Hopefully in most cases it is treated and the person moves on, but in some cases it goes on longer and that becomes difficult, because in my experience, other people can have just as much problem with accepting mental illness as we do.

It is individual, but getting support and help gives the best possible chance for recovery, so that is something to hold onto. As to who we tell, because it is still perceived negatively, choosing who to confide in is a minefield. Sometimes though, it can be a relief to tell people. It depends on our circumstance I suppose.

You know what, its normal to feel down occasionally, but sometimes that goes further and needs treatment whether meds or therapy or both. Being mentally well or being mentally ill is not quite so black and white as society likes us to believe I feel.

shotokansho
06-06-12, 14:54
It's truly horrible. I hate feeling depressed and I always try my best to hide it, I'm getting good at that now too!
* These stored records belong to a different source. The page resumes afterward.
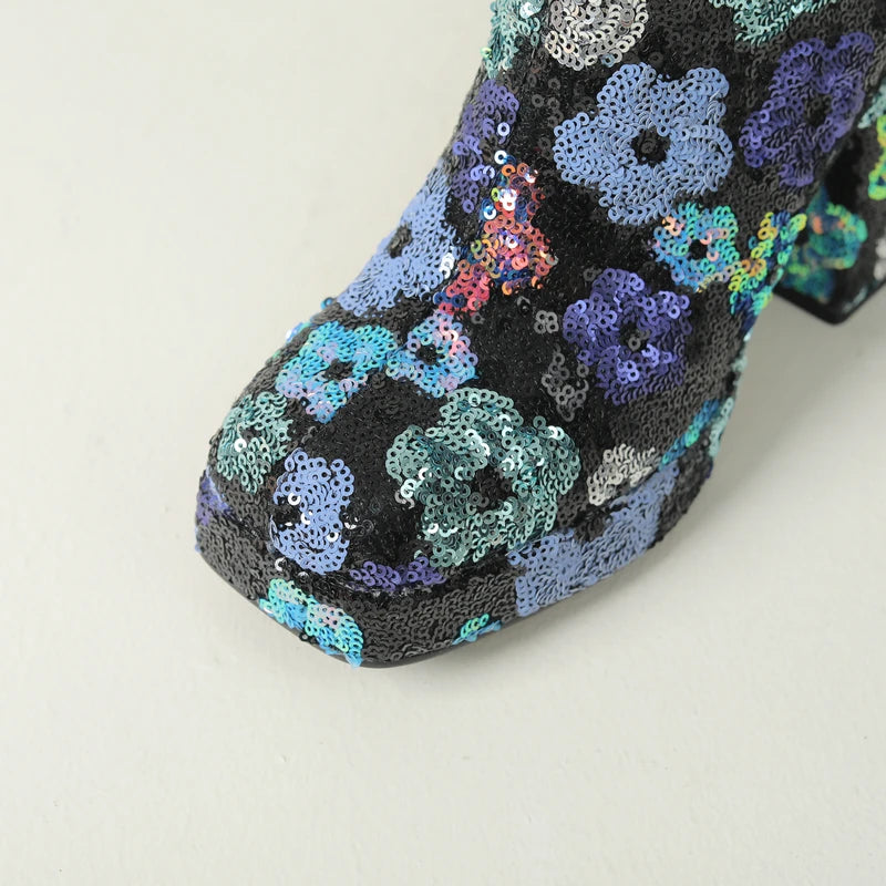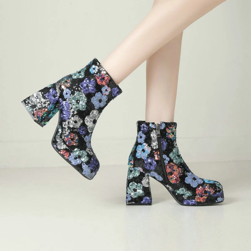 Autumn Winter Women Ankle Boots Platform Thick High Heel Ladies Short Boots PU Leather Square Toe Side Zipper Dress Boots
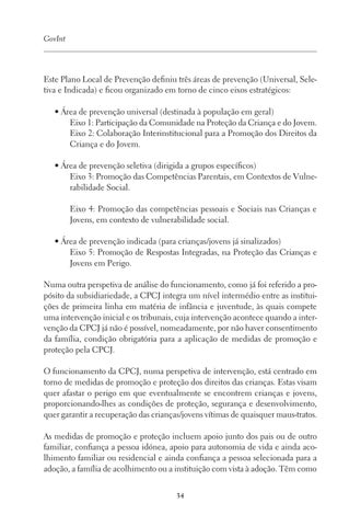 Este Plano Local de Prevenção definiu três áreas de prevenção (Universal, Seletiva e Indicada) e ficou organizado em torno de cinco eixos estratégicos: • Área de prevenção universal (destinada à população em geral) Eixo 1: Participação da Comunidade na Proteção da Criança e do Jovem. Eixo 2: Colaboração Interinstitucional para a Promoção dos Direitos da Criança e do Jovem. • Área de prevenção seletiva (dirigida a grupos específicos) Eixo 3: Promoção das Competências Parentais, em Contextos de Vulnerabilidade Social. Eixo 4: Promoção das competências pessoais e Sociais nas Crianças e Jovens, em contexto de vulnerabilidade social. • Área de prevenção indicada (para crianças/jovens já sinalizados) Eixo 5: Promoção de Respostas Integradas, na Proteção das Crianças e Jovens em Perigo. Numa outra perspetiva de análise do funcionamento, como já foi referido a propósito da subsidiariedade, a CPCJ integra um nível intermédio entre as instituições de primeira linha em matéria de infância e juventude, às quais compete uma intervenção inicial e os tribunais, cuja intervenção acontece quando a intervenção da CPCJ já não é possível, nomeadamente, por não haver consentimento da família, condição obrigatória para a aplicação de medidas de promoção e proteção pela CPCJ. O funcionamento da CPCJ, numa perspetiva de intervenção, está centrado em torno de medidas de promoção e proteção dos direitos das crianças. Estas visam quer afastar o perigo em que eventualmente se encontrem crianças e jovens, proporcionando-lhes as condições de proteção, segurança e desenvolvimento, quer garantir a recuperação das crianças/jovens vítimas de quaisquer maus-tratos. As medidas de promoção e proteção incluem apoio junto dos pais ou de outro familiar, confiança a pessoa idónea, apoio para autonomia de vida e ainda acolhimento familiar ou residencial e ainda confiança a pessoa selecionada para a adoção, a família de acolhimento ou a instituição com vista à adoção. Têm como 34
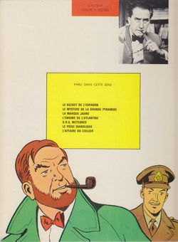 remarques: | album Lombard, 1972, 64 pages, édition belge, 4ème plat au portrait Jacobs, dernier titre l'affaire du collier pages de garde aux portraits bleu/blanc résumé >> voir l'édition originale état TBE, pas de point Tintin, côte BDM en BE Euros 40.- Annexe - couvertures de l'ablum 1972 - couverture de l'édition pirate du piège diabolique - Agès de la Roche, seule figure féminine dans les 7 premièrs albums de la série - une vision futuriste de l'an 5061 - affiche signée Exem de l'exposition Drozophile 1996 par Christian Humbert-Droz à Carouge/Genève |
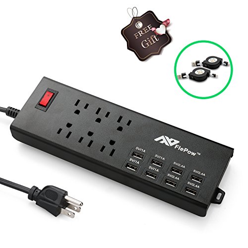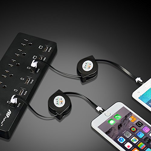 What You Get: FlePow multifunctional 6-Outlet power strip with 6-Port USB charging station, 1*8 Pin Apple Retractable Cable and 1*Micro USB Retractable Cable , 12-MONTH FlePow warranty & 30-DAY money back guarantee.
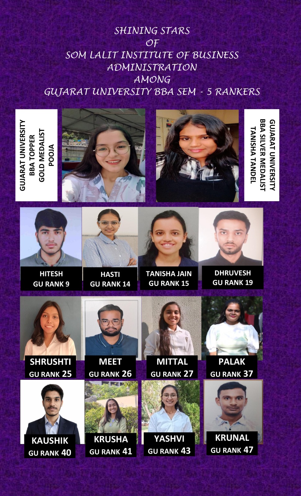 #gujaratuniversitytop50 #toprankers #poojagold #studentsuccess #ahmedabadexcellence #gujaratuniversitybba #bachelorofbusinessadministration #historyrepeated #excellenceisahabit #goldmedalist #silvermedalist #proudmoment #successstory #universitytoppers

Until it all gets stored up and I end up exploding and being unable to control my emotions. I feel the same, like I don't deserve to be depressed and that there are many more people out there that have probably dealt with so much more and they seem strong and happy, which makes me quite envious to be honest. It's a hard road to go down and when I have good times I focus on that and try to use that to pull myself out of my depressive state.

Hellington Boots
06-06-12, 15:06
Thanks guys,

Glad it's not just me. I guess we're all individuals and can never predict why some people get low and why some don't. Fingers crossed we can all recover!

xxxx

Alicat
10-06-12, 14:29
Yeah, I'm the same. I don't really talk about it with my family, although they know I get depressed. I have some friends I can talk to and be honest with so I can accept it with them. With other people I don't because of the stigma attached to it.

I guess it's hard to think of myself as having depression cos I'm a bubbly person by nature.